I'm not a finance guy, but I've always thought people put too much stake in trying to make realistic dollar values out of what is pretty much unquantifiable, i.e. startup equity. At the end of the day, if you're accepted to YC, you simply need to ponder "is 7% of my company worth the entire package?" and decide accordingly. Of course, these things have real consequences in future rounds, but as far as I know, that's just the agreed upon fiction, rather than some underlying financial truth.

To me, this kind of connects to the debate on employee equity that's been ongoing. Sure, intellectually we want to equate that with upfront salary and then compensate at the market rate. But in reality it can never be that way for a plethora of reasons -- tax concerns, option rules, difference in equity classes, etc.

Again, I don't really know what I'm talking about, but I don't think people should view equity as dollars. To me, equity is better thought of as an entirely separate finite resource of a company. One which has different value to different people, depending on ability to take on risk.


This might actually have been a reality for some time. See some of the exit valuations on AngelList - all seem to be $5m+. So $1.7m value at entry isn't out of whack.

It does seem though that the primary aim here is to provide more for living expenses, which means that the $1.7m implicit valuation might need to be taken with a grain of salt. Not that it matters much anyway.

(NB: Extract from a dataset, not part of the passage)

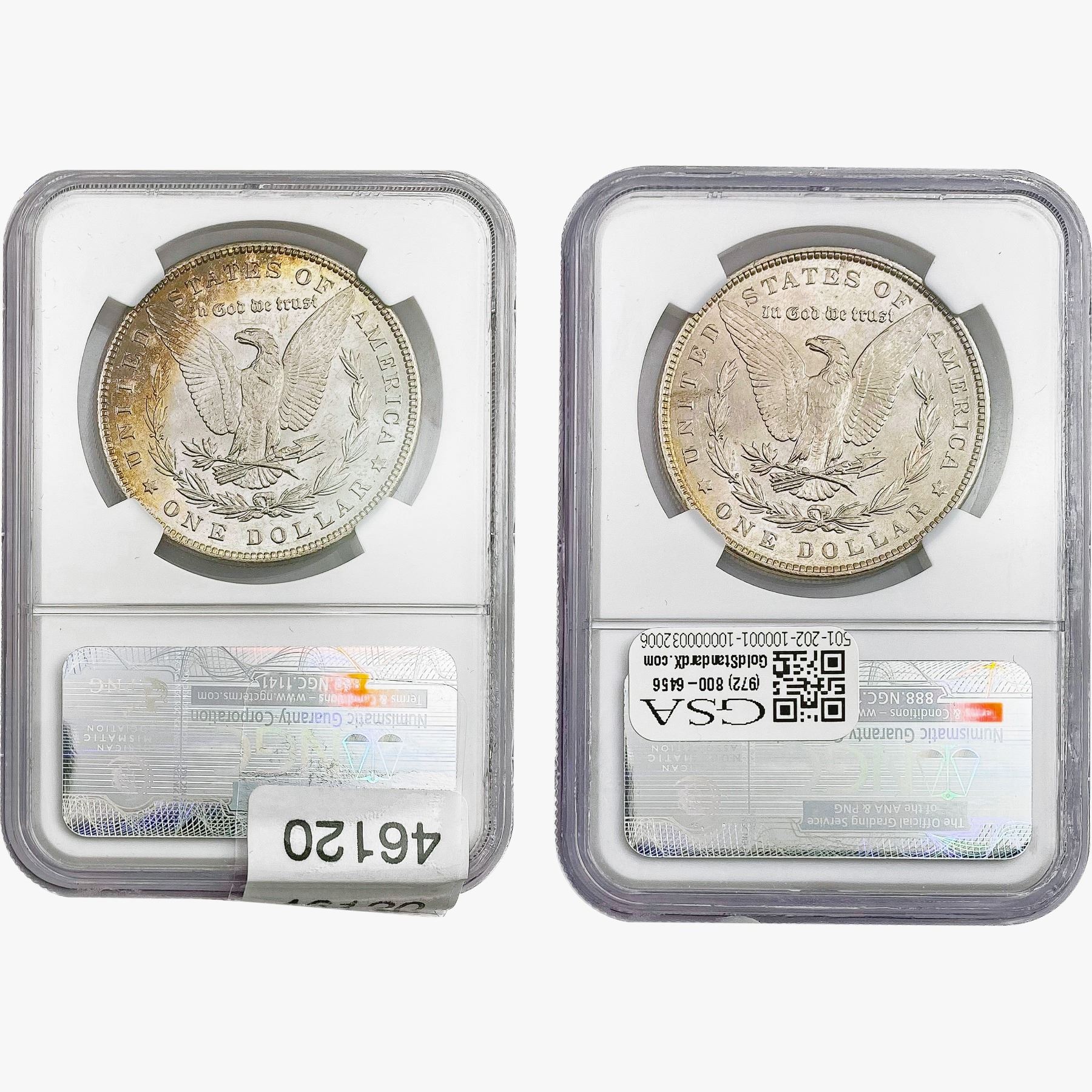 e. Coins sold referencing a third-party grading service are sold “AS IS” without any express or implied warranty, except for a guarantee by GSA that they are genuine. Removal or alteration of the holder, voids all of Bidder’s claims concerning that Product. Certain warranties may be available from the grading services and Bidders are referred to them for further details: Numismatic Guaranty Corporation (NGC), PO Box 4776, Sarasota, FL 34230, www.ngccoin.com/services/writtenguarantee.asp; Professional Coin Grading Services (PCGS), PO Box 9458, Newport Beach, CA 92658, www.pcgs.com/guarantee.html; ANACS, 6555 S. Kenton St., Ste. 303, Englewood, CO 80111; and Independent Coin Grading Co. (ICG), 7901 East Bellview, Ave., Suite 50, Englewood, CO 80111.

investors understand YC and don't utilize the investment for valuation purposes that I've seen. most companies I know were going backwards by that math to bring YC on board as an investor (which we did so willingly).


Pretty insignificant. You can't spend that money. No one can.

; YC, financially, is enough money for you to live in the Bay Area to work on your company for a fixed time in which you're expected to grow and acquire more capital and a probability assessment on your potential future value.

Keywords, 'potential' and 'future'.

You can't up and sell your company for $1.7M, Sam Altman can't, no one can because no one would buy it because YC isn't saying "You are now in possession of, and operating something, that is worth $1.7M to the world." At such an early stage, all they're really saying is, "There is a probability that your company will be worth $1.7M, and the probability is high enough such that we're willing to put our money where our mouths are."


Alternately, if your company is worth less than $1.7M then YC won't invest?


As they made clear, YC is not necessarily out just to make a profit. (The investment in non-profits, for instance, is clearly not profit driven.) Sure, they'll make a profit, but that won't be the only driver.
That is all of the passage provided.